BACKGROUND OF THE INVENTION

[0001] The present invention concerns the field of machines, installations and/or devices for lifting, intended to handle heavy loads, and concerns more particularly but not exclusively lifting machinery of the mobile and self-propelled type which, as handling equipment, use a lifting beam supported by a suspension.

[0002] As a preferred but non-limitative application, the invention refers more particularly to the area of container lifting and handling machinery, as is often used in seaport loading and unloading areas through which heavy loads are routed and handled, in particular rectangular box-shaped containers which it is necessary to be able to move, transport, lift, lower and stack with optimum safety.

[0003] In the general area described above, more particularly involved in maritime applications, it is customary to use lifting-handling machinery, generally self-propelled, of the tracked or wheeled type and which have, on a suitable superstructure, a suspension lifting beam which is orientable and generally adjustable in several directions so as to be adaptable to standardized or other gauges of the loads to be handled.

[0004] In the particular application case of maritime transport containers, the lifting beam is mounted at the end of a beam or boom, telescopic or not. To ensure the required function, it is obviously necessary to provide for technical facilities making it possible to establish or break at will the material structural link between the suspension lifting beam and the load, in particular the container.

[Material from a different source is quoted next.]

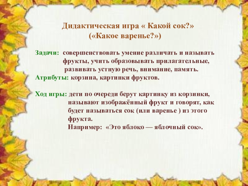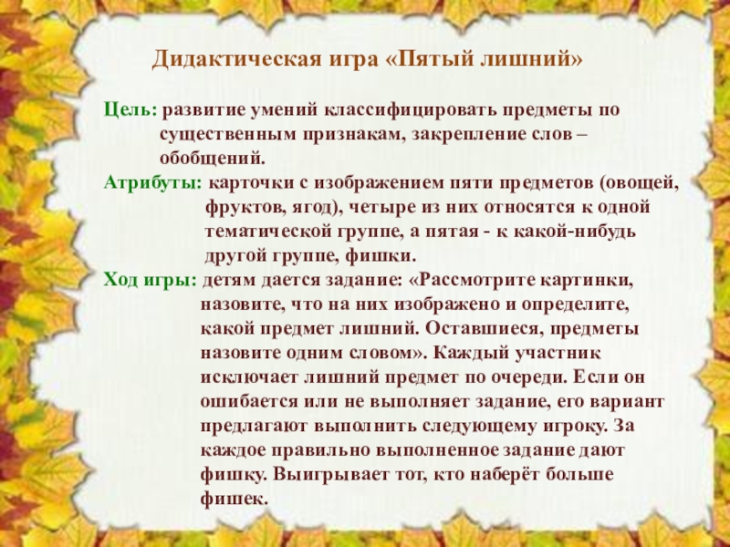 Слайд 2 Дидактическая игра «Осенние приметы»

[0005] The means described in brief in the above are well known and can be considered as satisfactory for the essential function of lifting and handling.

[0006] The current trends of container handling are generating the use of increasingly heavy loads varying from one container to another, even if the gauge is the same. Therefore, a particular problem to be taken into consideration is the exact evaluation of the weight of each container so as to be able to determine accurately the safety factor, both for the lifting and handling machine and for the principle of centering and loading, especially for loading on a ship.

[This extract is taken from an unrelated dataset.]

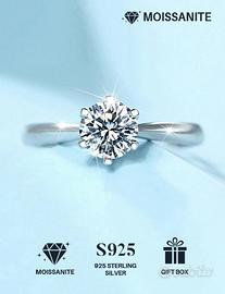 ✅NUOVO✅Anello di Moissanite con Certificato in Argento Sterling 925.

[0007] That is why it is increasingly essential to carry out individual weighing for each load so as to evaluate whether the safety factor and the weight are not exceeded, and whether particular steps have to be considered concerning lifting, handling, loading, centering or, yet again, capabilities of vertically stacking several containers of the same gauge size.

[0008] These weighing operations are lengthy, requiring the use of a scale, which are not conducive to easy movement of the lifting and handling machines, in particular for loading and unloading areas or those used for storage of these containers, meaning frequently picking up operations and in all, representing a major factor that has an impact on the economic balance of the lifting and handling phase.

[0009] In addition, these necessary and different operations are not liable to supply sufficient accuracy, meaning that the invoicing of the service related to the weighing-handling task is penalized similarly.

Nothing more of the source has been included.